» TASK ITEM
Word for word, restate the lines of the data below between those holding "В мире наблюдается" and "後でちょっと事情を伺ってみる", inclusive; pictures do not belong in the copy.

» SOURCE INFORMATION
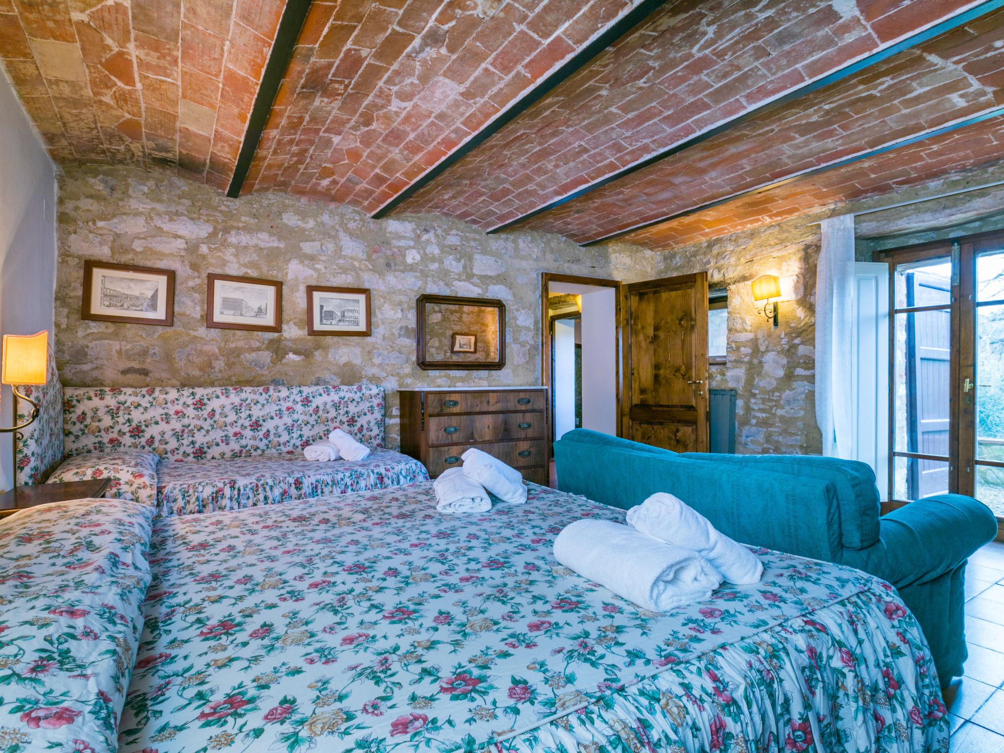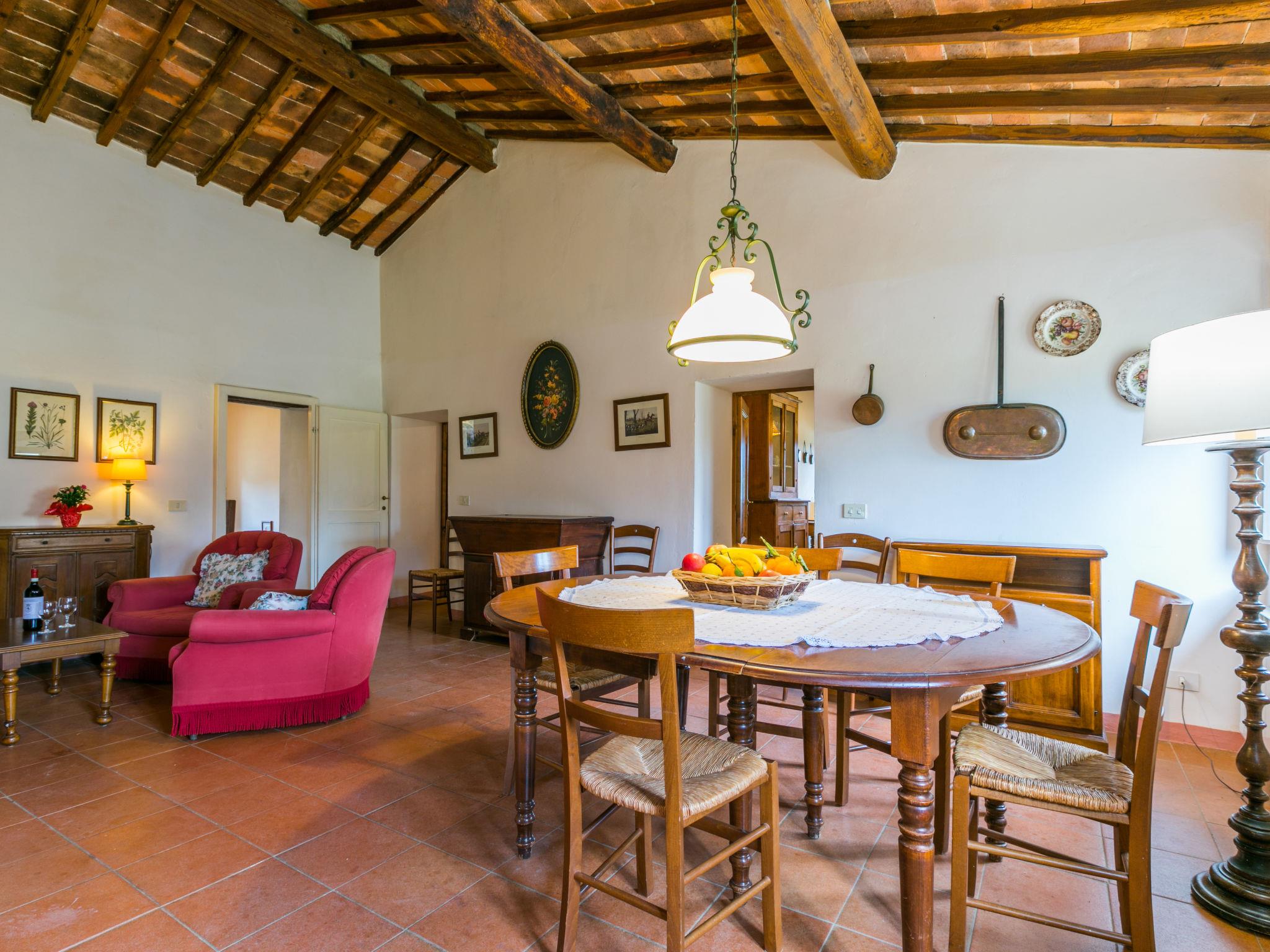 "rustico" cottage "Il Laghetto". 4 km from the centre of Pergine Valdarno, 25 km from the centre of Arezzo, 35 km from the centre of Siena, in a quiet position. Private: property, trees, natural garden, meadow, swimming pool (above ground) (8 x 4 m, seasonal availability: 15.May. - 01.Oct.). Table tennis. Motor access (2.9 km via unmade road). Parking on the premises. Shop 4 km, supermarket 5 km, bus stop 2.1 km, railway station "Laterina" 3 km. Nearby attractions: Castello di Montozzi reception 1.8 km. Local sale of farm products.
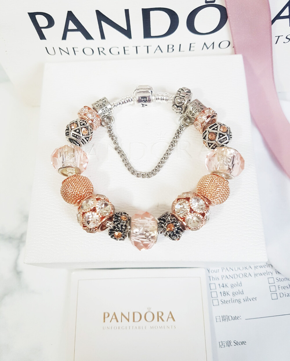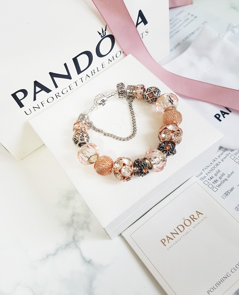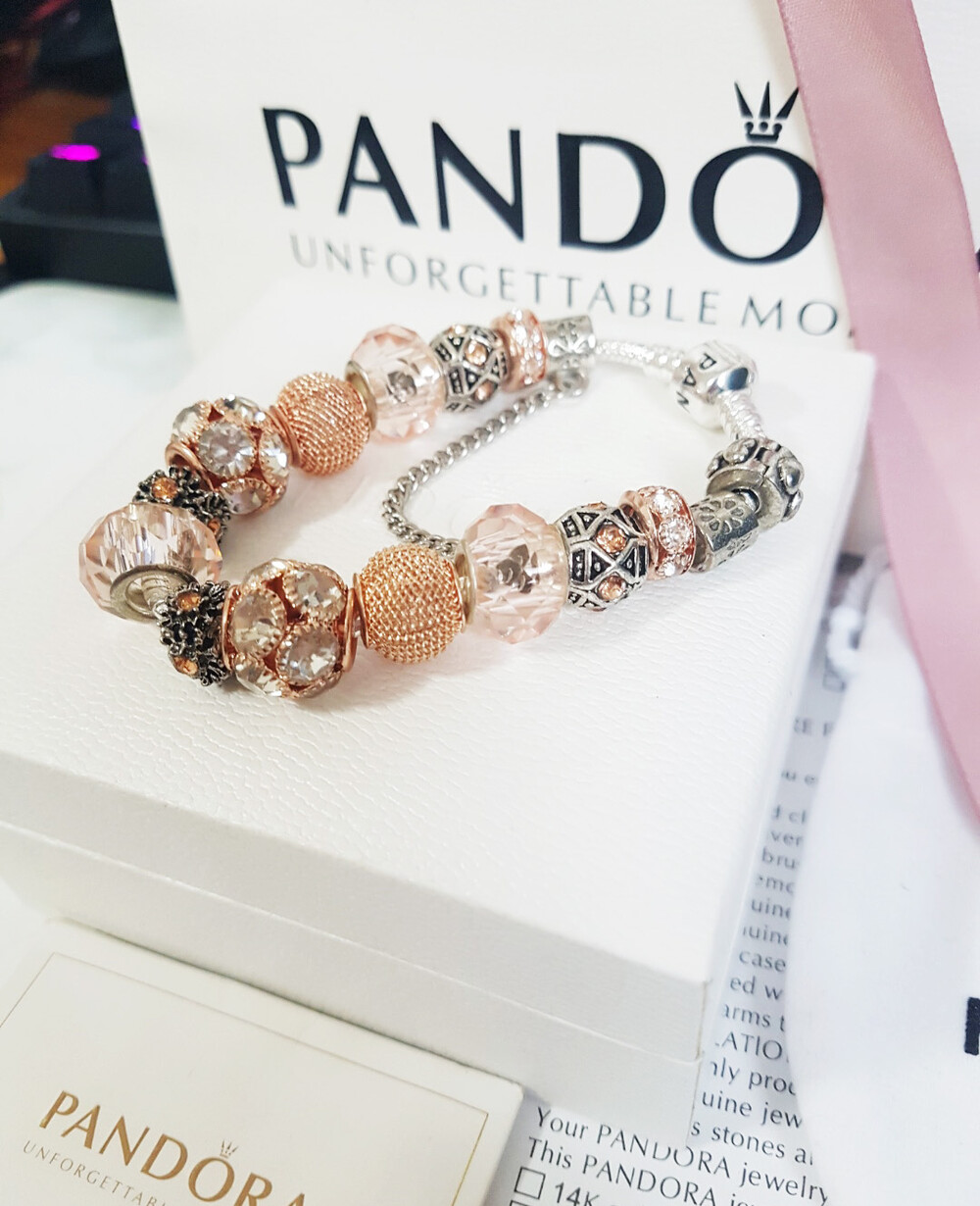 □P.ANDORA 크리스탈 비즈 골드 참팔찌□
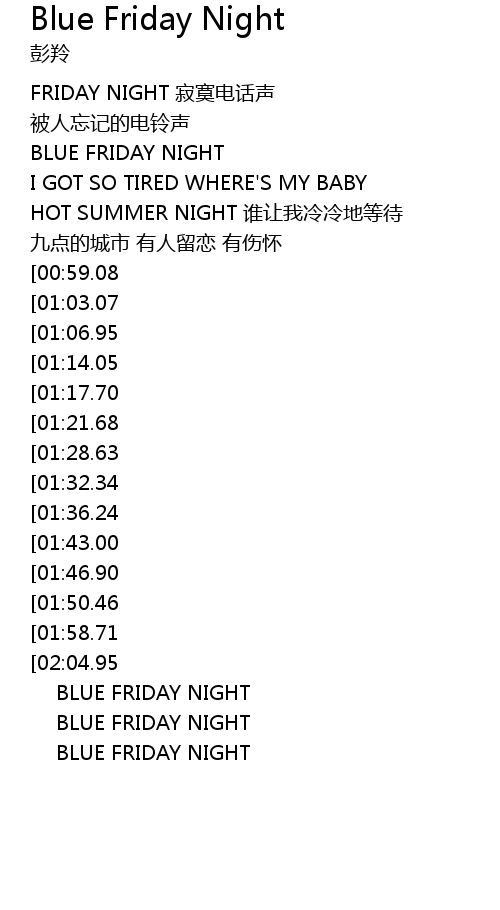 | [03:58.79] | BLUE FRIDAY NIGHT |
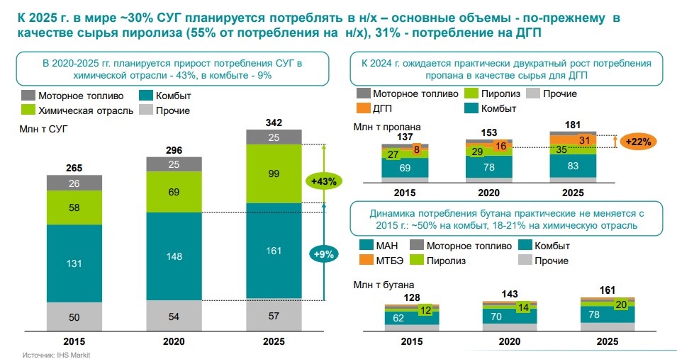 В мире наблюдается тренд увеличения потребления ПБА, как сырья для нефтехимии. По словам Станислава Батраченко, в мире строится около 25 нефтехимических заводов. Горизонт строительства этих проектов 2030 год. Переработка сжиженных газов объясняется более экологичным использованием газов при производстве пластика, и доходах от переработки.
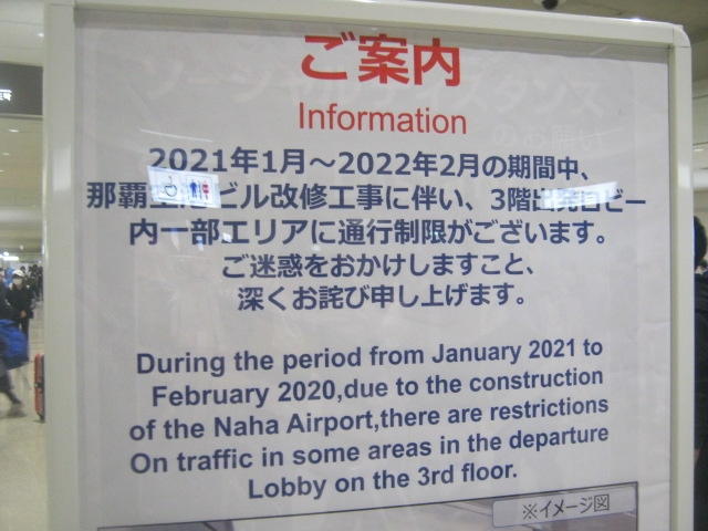 後でちょっと事情を伺ってみると、どうやら私が訪問時点(2021年3月26日)では、那覇空港の国内線エリアにて、特定天井改修工事(2024年末までを予定)と、フリーコンセントの設置工事(2022年3月末までを予定)の二つの工事が進行中だそうで、色々とごちゃごちゃした運用が予想されるとのことでした。
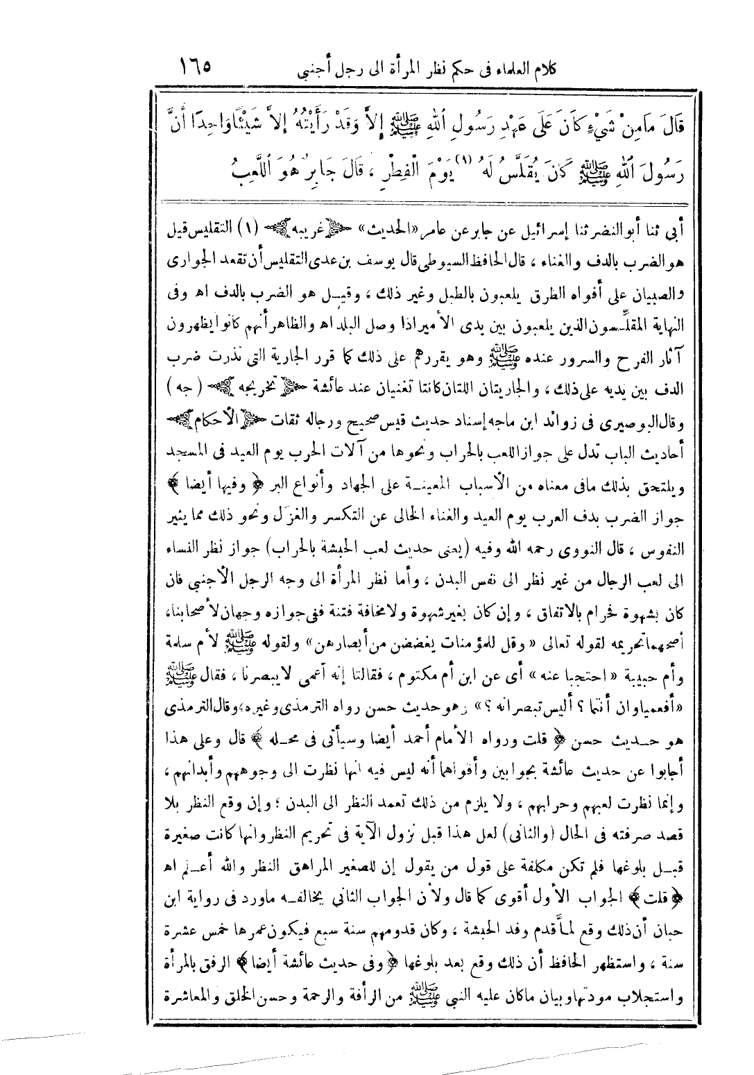 أبي ثنا أبو النضر ثنا إسرائيل عن جابر عن عامر "الحديث" {غريبه} (1) التقليس قيل هو الضرب بالدف والغناء، قال الحافظ السيوطى قال يوسف بن عدى التقليس أن تقعد الجوارى والصبيان على أفواه الطرق يلعبون بالطبل وغير ذلك، وقيل هو الضرب بالدف اهـ وفى النهاية المقلِّسون الذين يلعبون بين يدى الأمير اذا وصل البلد اهـ والظاهر أنهم كانوا يظهرون آثار الفرح والسرور عند صلى الله عليه وسلم وهو يقررهم على ذلك كما قرر الجارية التى نذرت ضرب الدف بين يديه على ذلك، والجاريتان اللتان كانتا تغنيان عند عائشة {تخريجه} (جه) وقال البوصيرى في زوائد ابن ماجه إسناد حديث قيس صحيح ورجاله ثقات {الأحكام} أحاديث الباب تدل على جواز اللعب بالحراب ونحوها من آلات الحرب يوم العيد في المسجد ويلتحق بذلك ما في معناه من الأسباب المعينة على الجهاد وأنواع البر {وفيها أيضاً} جواز الضرب بدف العرب يوم العيد والغناء الخالى من التكسير والغزل ونحو ذلك مما يثير النفوس، قال النووى رحمه الله وفيه (يعنى حديث لعب الحبشة بالحراب) جواز نظر النساء إلى لعب الرجال من غير نظر إلى نفس البدن، وأما نظر المرأة إلى وجه الرجل الأجنبى فان كان بشهوة فحرام بالاتفاق، وإن كان بغير شهوة ولا مخافة فتنة ففى جوازه وجهان لأصحابنا، أصحهما تحريمه لقوله تعالى {وقل للمؤمنات يغضضن من أبصارهن} ولقوله صلى الله عليه وسلم لأم سلمة وأم حبيبة "احتجبا عنه" أى عن ابن أم مكتوم، فقلنا إنه أعمى لا يبصرنا، فقال صلى الله عليه وسلم "أفعمياوان أنتما؟ أليس تبصرانه؟ " وهو حديث حسن رواه الترمذى وغيره، وقال الترمذى هو حديث حسن {قلت ورواه الأمام أحمد أيضاً وسيأتى في محله} قال وعلى هذا أجابوا عن حديث عائشة بجواربين وأقواهما أنه ليس فيه أنها نظرت إلى وجوههم وأبدانهم، وإنما نظرت لعبهم وحرابهم، ولا يلزم من ذلك تعمد النظر إلى البدن؛ وإن وقع النظر بلا قصد صرفته في الحال (والثانى) لعل هذا قبل نزول الآية في تحريم النظر وانها كانت صغيرة قبل بلوغها فلم تكن مكلفة على قول من يقول إن للصغير المراهق النظر والله أعلم اهـ {قلت} الجواب الأول أقوى كما قال ولأن الجواب الثانى يخالفه ما ورد في رواية ابن حبان أن ذلك وقع لمَّا قدم وفد الحبشة، وكان قدومهم سنة سبع فيكون عمرها خمس عشرة سنة، واستظهر الحافظ أن ذلك وقع بعد بلوغها {وفي حديث عائشة أيضاً} الرفق بالمرأة واستجلاب مودتها وبيان ما كان عليه النبي صلى الله عليه وسلم من الرأفة والرحمة وحسن الخلق والمعاشرة
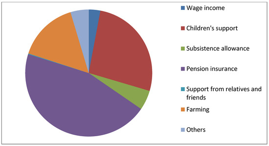 In terms of filial piety income level (as shown in Table 4), with low filial piety income as the reference group, medium filial piety income and high filial piety income have significant effects on life satisfaction of the elderly in Model 1 and Model 2. In Model 3 and Model 4, filial piety income does not have a significant impact on their life satisfaction, which may be explained by personal income and expenditure. Personal annual income includes children’s financial support, which is one of main sources of income for the elderly. The main sources of income of the respondents in this study are shown in Figure 2.
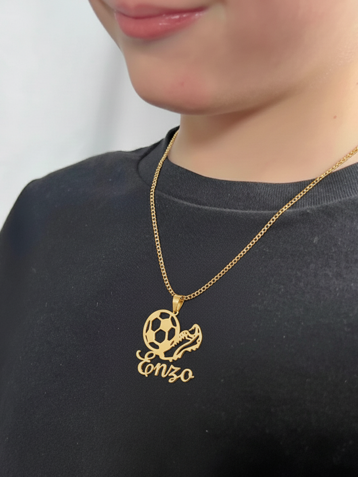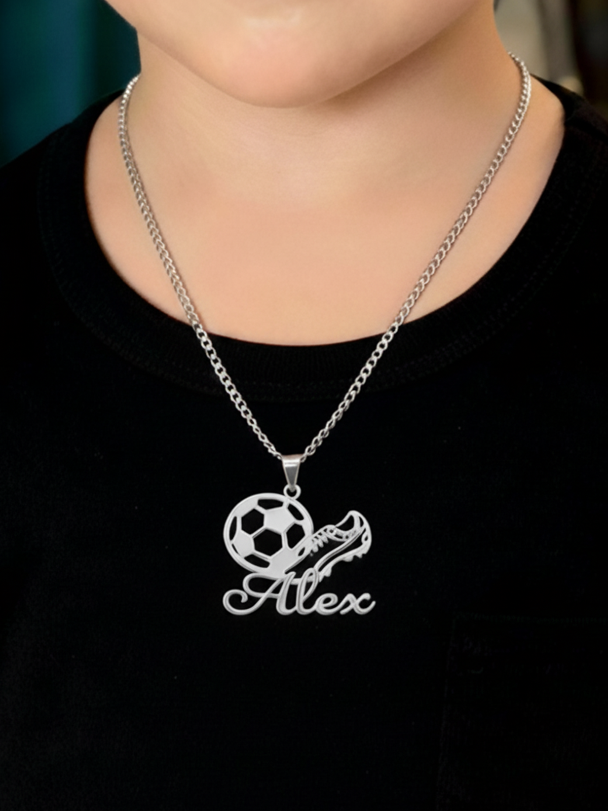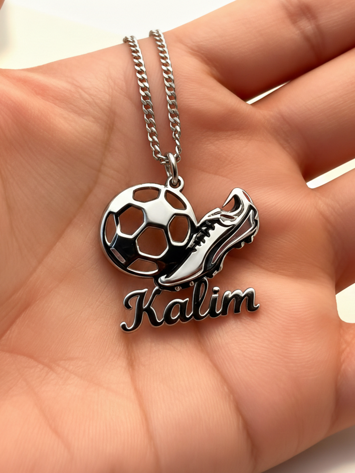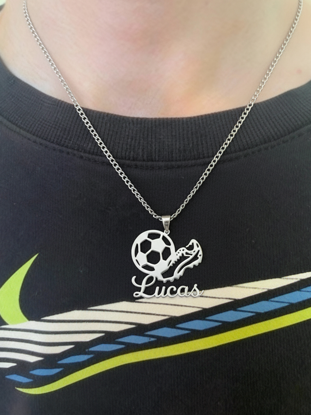 Per gli amanti del calcio di tutte le età. La nostra Collana Personalizzata con Nome da Calcio presenta un design dettagliato di pallone da calcio e scarpa da calcio con incisione del nome personalizzata.

» EXERCISE RESPONSE
 В мире наблюдается тренд увеличения потребления ПБА, как сырья для нефтехимии. По словам Станислава Батраченко, в мире строится около 25 нефтехимических заводов. Горизонт строительства этих проектов 2030 год. Переработка сжиженных газов объясняется более экологичным использованием газов при производстве пластика, и доходах от переработки.
 後でちょっと事情を伺ってみると、どうやら私が訪問時点(2021年3月26日)では、那覇空港の国内線エリアにて、特定天井改修工事(2024年末までを予定)と、フリーコンセントの設置工事(2022年3月末までを予定)の二つの工事が進行中だそうで、色々とごちゃごちゃした運用が予想されるとのことでした。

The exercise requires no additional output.